**WORK TO BE COMPLETED:** What you return should be the full listing, copied exactly and stripped of its pictures.

**SOURCE DATA:**

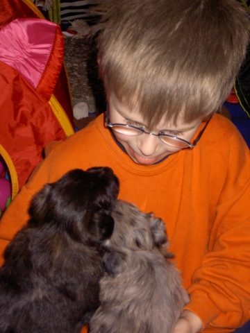Frühstückszeit! Mittlerweile schlagen sich alle gierig am Napf die Bäuche voll. Und anschließend wird gerne noch ein Spielchen gemacht. Asea - auf zu neuen Taten! Aber Anor und Aldea haben sie eingefangen. Der frißt sie auf!!!! Aber er will ja nur spielen... Arda, Asea und Anor halten Kaffeeklatsch. Sie besprechen ausführlich, was noch so ansteht. Laurin ist völlig begeistert, daß immer mehr Action geboten wird. Ja, Aldea hat auch noch die Augen auf. Und Arda tötet Harry den Hasen. Von wegen, der Berger hat keinen Jadgtrieb... Aldea stürzt sich auch auf den Hasen, Asea würde gerne, aber Laurin hat gerade andere Pläne. Dafür nimmt Anor eine Geschmacksprobe von Laurins Puschen. Und - was machen wir jetzt??? Hallo, ich heiße Laurin Lange - bist Du der Anor? Da soll noch mal einer sagen, Kinder und Hunde gehören nicht zusammen... Anor hält Ausschau. Ein flotter Dreier. |
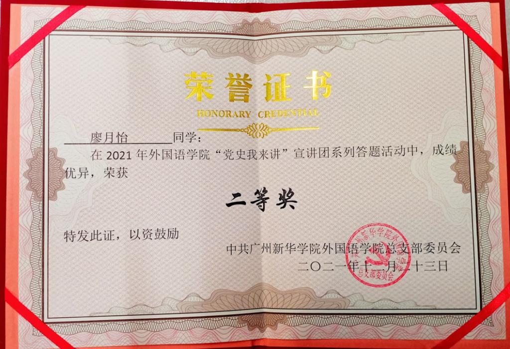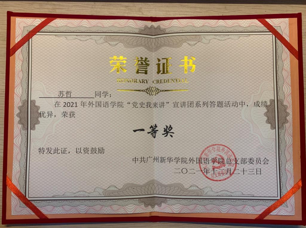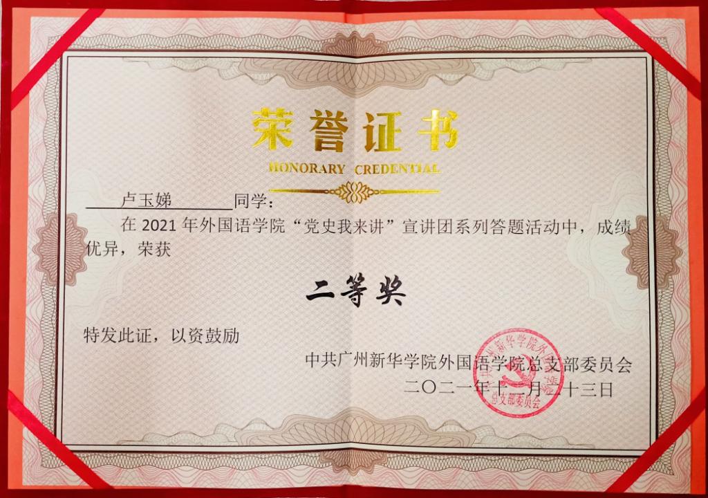 疫情当下,以新形式在群众中传播红色精神、红色故事成了众多党支部有待解决的重要议题。为进一步推进党史学习教育走深走实,引导广大师生从百年的光荣党史中汲取前进的智慧和奋斗力量,推行校园党史学习之风,2021学年广州新华学院122cc太阳集成游戏学生第一、第二党支部联合推出“党史”我来讲活动,并在党史学习基础上加入了答题环节,促进了广大师生形成学习党史、研究党史知行合一的意识,调动了师生学党史的积极性。在激烈的答题竞赛角逐中,以下同学的成绩脱颖而出:
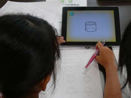 今週の5日間、実施している「都島区のやる気アップ学習」で、タブレットを活用していました。特に、算数の時間の図形の学習です。学習会に参加している児童が自分の課題プリントを解いていく過程で、わかりにくいところ、納得しにくいところに出会うと、タブレットが登場します。その問題にマッチしたヒントなどが表示され、児童はヒントをもらって、自力解決を図っていました。
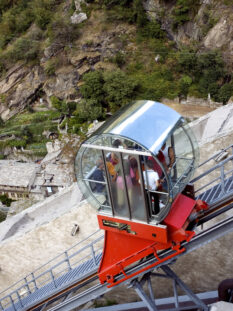 Il secondo castello da non perdere è quello di Verrès, costruito all’imbocco della Val d’Ayas, che, ai suoi tempi, doveva intimorire nemici e assedianti, dotato com’era di cannoni e bombarde. Appollaiato come un nido d’aquila su uno sperone roccioso, il castello si raggiunge dopo una ripida salita su un sentiero acciottolato, ma la vista che si gode da lassù è impareggiabile e ripaga di ogni fatica: da un lato, infatti, si apre la Val d’Ayas, dove troneggia il Massiccio del Rosa, dall’altro, come su un atlante, si legge il corso della Dora. L’interno della fortezza non ha niente a che fare, però, con l’eleganza raffinata di Issogne: Verrès era e rimase un castello militare e quindi la mission degli architetti fu quella dell’essenzialità degli impianti. Unici preziosismi una grande sala da pranzo con tre camini e uno scalone monumentale in pietra che mette in comunicazione i tre piani dell’edificio e sembra uscito da un disegno di Escher.

**EXERCISE OUTPUT:**
Frühstückszeit! Mittlerweile schlagen sich alle gierig am Napf die Bäuche voll. Und anschließend wird gerne noch ein Spielchen gemacht. Asea - auf zu neuen Taten! Aber Anor und Aldea haben sie eingefangen. Der frißt sie auf!!!! Aber er will ja nur spielen... Arda, Asea und Anor halten Kaffeeklatsch. Sie besprechen ausführlich, was noch so ansteht. Laurin ist völlig begeistert, daß immer mehr Action geboten wird. Ja, Aldea hat auch noch die Augen auf. Und Arda tötet Harry den Hasen. Von wegen, der Berger hat keinen Jadgtrieb... Aldea stürzt sich auch auf den Hasen, Asea würde gerne, aber Laurin hat gerade andere Pläne. Dafür nimmt Anor eine Geschmacksprobe von Laurins Puschen. Und - was machen wir jetzt??? Hallo, ich heiße Laurin Lange - bist Du der Anor? Da soll noch mal einer sagen, Kinder und Hunde gehören nicht zusammen... Anor hält Ausschau. Ein flotter Dreier. |
 疫情当下,以新形式在群众中传播红色精神、红色故事成了众多党支部有待解决的重要议题。为进一步推进党史学习教育走深走实,引导广大师生从百年的光荣党史中汲取前进的智慧和奋斗力量,推行校园党史学习之风,2021学年广州新华学院122cc太阳集成游戏学生第一、第二党支部联合推出“党史”我来讲活动,并在党史学习基础上加入了答题环节,促进了广大师生形成学习党史、研究党史知行合一的意识,调动了师生学党史的积极性。在激烈的答题竞赛角逐中,以下同学的成绩脱颖而出:
 今週の5日間、実施している「都島区のやる気アップ学習」で、タブレットを活用していました。特に、算数の時間の図形の学習です。学習会に参加している児童が自分の課題プリントを解いていく過程で、わかりにくいところ、納得しにくいところに出会うと、タブレットが登場します。その問題にマッチしたヒントなどが表示され、児童はヒントをもらって、自力解決を図っていました。
 Il secondo castello da non perdere è quello di Verrès, costruito all’imbocco della Val d’Ayas, che, ai suoi tempi, doveva intimorire nemici e assedianti, dotato com’era di cannoni e bombarde. Appollaiato come un nido d’aquila su uno sperone roccioso, il castello si raggiunge dopo una ripida salita su un sentiero acciottolato, ma la vista che si gode da lassù è impareggiabile e ripaga di ogni fatica: da un lato, infatti, si apre la Val d’Ayas, dove troneggia il Massiccio del Rosa, dall’altro, come su un atlante, si legge il corso della Dora. L’interno della fortezza non ha niente a che fare, però, con l’eleganza raffinata di Issogne: Verrès era e rimase un castello militare e quindi la mission degli architetti fu quella dell’essenzialità degli impianti. Unici preziosismi una grande sala da pranzo con tre camini e uno scalone monumentale in pietra che mette in comunicazione i tre piani dell’edificio e sembra uscito da un disegno di Escher.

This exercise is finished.